**Assignment:**
Retype the lines below exactly, but only those from the line that has "同じ武将カードを引いた場合でもスキルLVが異なる場合もございます。" through the line that has "博格巴社媒晒出自拍照片,配文". Omit every picture.

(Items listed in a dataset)

>>>

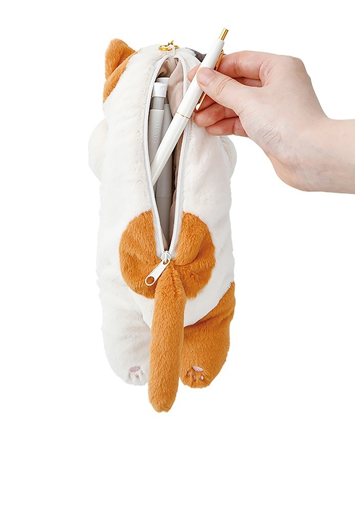 くびねっこをつままれてしまったポーズが、かわいいペンポーチです。
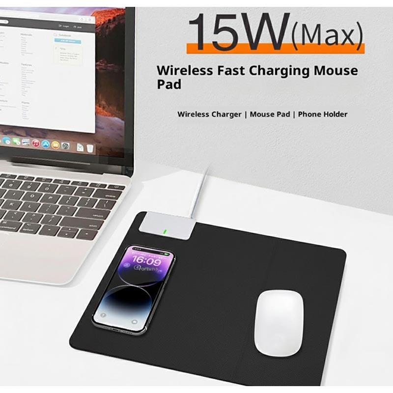 Tämä hiirimatto tarjoaa mukavuutta, tehokkuutta ja älykästä toiminnallisuutta yhdessä tyylikkäässä lisävarusteessa. Se poistaa erillisten latureiden ja jalustojen tarpeen, mikä auttaa pitämään työtilasi siistinä ja varmistaa samalla, että puhelimesi pysyy virralla ja näkyvillä koko päivän.
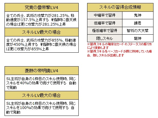 同じ武将カードを引いた場合でもスキルLVが異なる場合もございます。
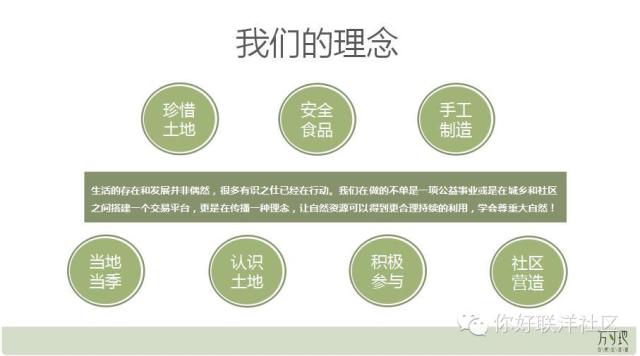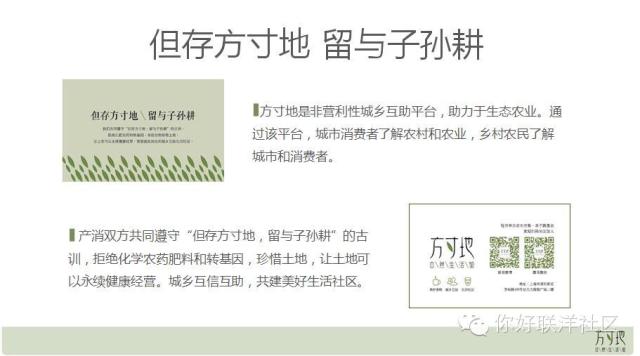 总而言之,做任何事情就是从“但留方寸地,留作子孙耕”这个理念为出发点。我们现在在做的是方寸地自然生活馆,我们在做一个城乡互助的平台。说白了就是让城市里的人和农户能够互相认识,反正就是一句话“我不想赚钱!”。经常有人问我怎么参加到这些活动,其实这个很简单,我看中你,我就会帮你,如果我看不中你,我一定不会帮你。我也不会从这里拿一分钱,我养家糊口不需要这点钱。说大一点就是为了自己的理想吧,为理想买单。
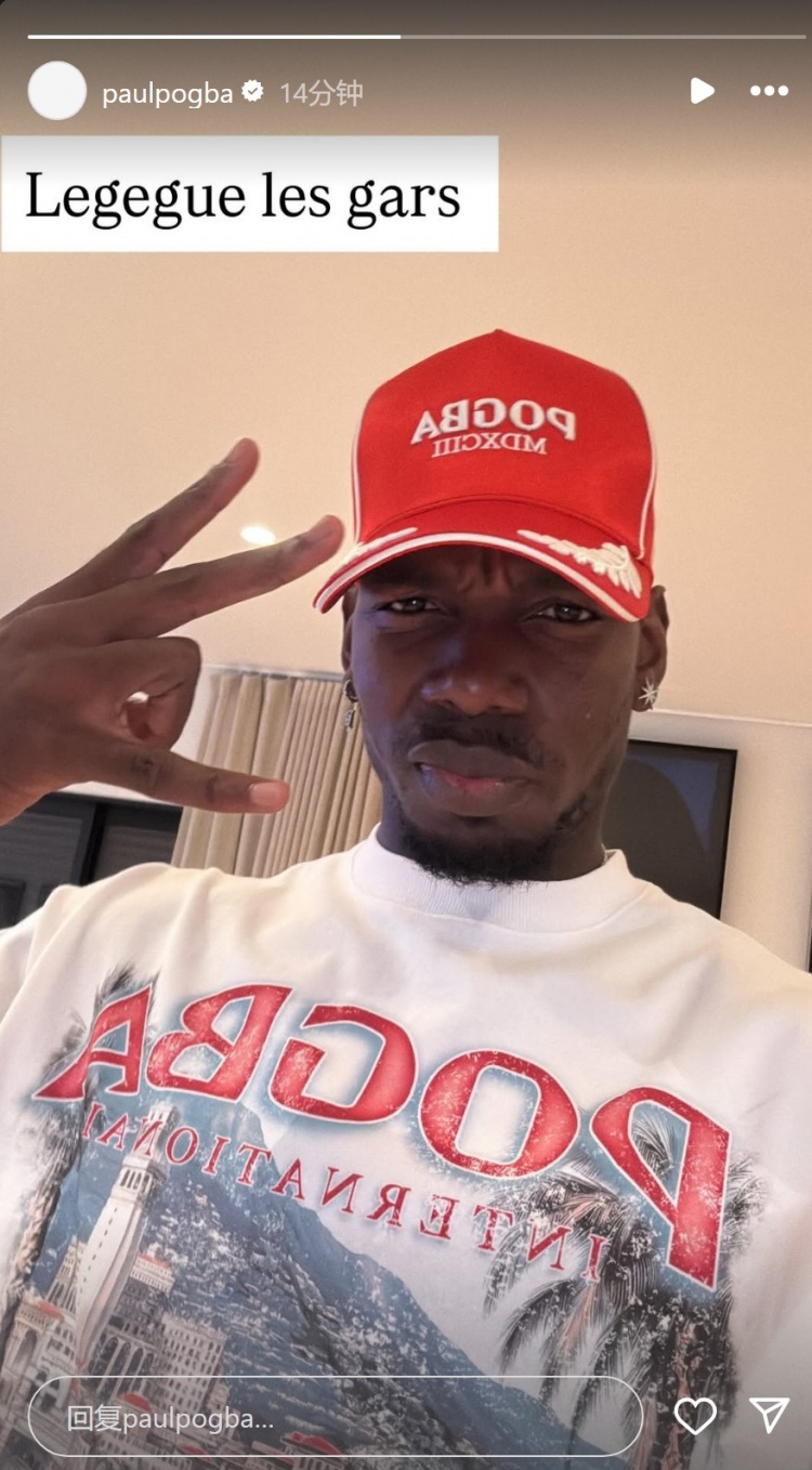 博格巴社媒晒出自拍照片,配文:“联赛来了,兄弟们。”似乎在暗示自己即将为摩纳哥在法甲联赛中出场。
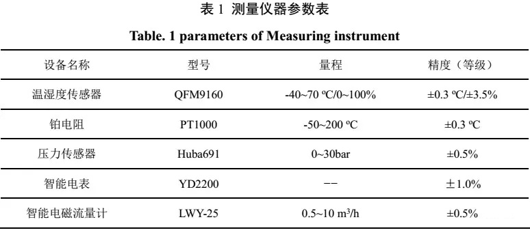 測試系統(tǒng)對空氣源熱泵的空氣側(cè)、制冷劑側(cè)與制取熱水側(cè)的運行參數(shù)以及能耗情況進行實時監(jiān)測。測試機組原理圖與實物圖如圖1中所示,在壓縮機吸/排氣管上分別設有溫度和壓力傳感器監(jiān)測壓縮機的吸/排氣溫度和壓力,在水側(cè)利用鉑電阻PT1000測量機組的進/出水溫度,利用電磁流量計測量水流量。其中主要的測量儀器參數(shù)如表1所示。
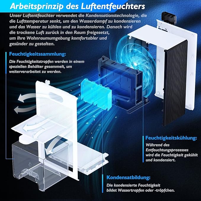 - Kompaktowy i przenośny: nasz osuszacz jest kompaktowy i przenośny i idealnie nadaje się do stosowania w różnych pomieszczeniach, takich jak kuchnia, łazienka, sypialnia, piwnica i garaż. Można go również łatwo transportować i używać w różnych miejscach.
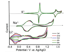 Prussian blue (PB) has been studied for its applications in electrochemical energy storage since 1978.[58] Prussian blue proper (the Fe-Fe solid) shows two well-defined reversible redox transitions in K+ solutions. Weakly solvated potassium ions (as well as Rb+ and Cs+, not shown) have the solvated radius, which fits the framework of Prussian Blue. On the other hand, the sizes of solvated Na+ and Li+ are too large for the PB cavity, and the intercalation of these ions is hindered and much slower. The low and high voltage sets of peaks in the cyclic voltammetry correspond to 1 and 2/3 electron per Fe atom, respectively.[59] The high voltage set is due to the Fe3+/Fe2+ transition at the low-spin Fe ions coordinated to C-atoms. The low-voltage set is due to high-spin Fe ion coordinated to N-atoms.[60][61][62]
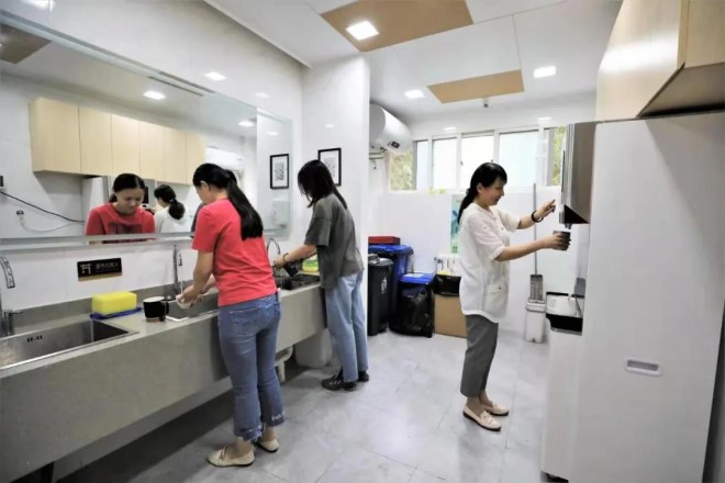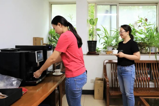 為創造美好溫馨的工作環境,報社重新裝修了水房和衛生間,并在休息室配備了咖啡機,供員工茶歇時使用。水房改造后,給我的第一印象是干凈、明亮。使用之后,發現不僅“硬件”提升了,而且“軟件”配套也是杠杠的。首先,洗手液不再是按壓式而是感應式,避免了大家互相接觸洗手瓶,滿足了防疫需要。同時,在水池旁邊配備了手紙,洗完手就可以把手擦干。其次,智能飲水機滿足了大家不同的需求,不管是喜歡喝熱水還是喜歡喝溫水,一臺飲水機都能解決,且飲水機加裝了5層過濾系統,讓大家喝上了純凈水,身心健康。服務也是十分貼心,衛生間、水房的手紙、洗手液更換得十分及時。咖啡機的加裝,一下讓人感覺到眼前一亮。畢竟以前,只聽說在IT行業咖啡免費喝,如今在報社也可以咖啡、牛奶無限暢飲啦!此外,報社還對休息室空間進行合理布局,將空閑的房間騰出來便于接待客戶。報社黨委這些暖心、有溫度之舉,增強了員工的幸福感、獲得感和歸屬感,更加激發了員工干事的熱情。

<<<

**Solution for this task:**
 同じ武将カードを引いた場合でもスキルLVが異なる場合もございます。
 总而言之,做任何事情就是从“但留方寸地,留作子孙耕”这个理念为出发点。我们现在在做的是方寸地自然生活馆,我们在做一个城乡互助的平台。说白了就是让城市里的人和农户能够互相认识,反正就是一句话“我不想赚钱!”。经常有人问我怎么参加到这些活动,其实这个很简单,我看中你,我就会帮你,如果我看不中你,我一定不会帮你。我也不会从这里拿一分钱,我养家糊口不需要这点钱。说大一点就是为了自己的理想吧,为理想买单。
 博格巴社媒晒出自拍照片,配文:“联赛来了,兄弟们。”似乎在暗示自己即将为摩纳哥在法甲联赛中出场。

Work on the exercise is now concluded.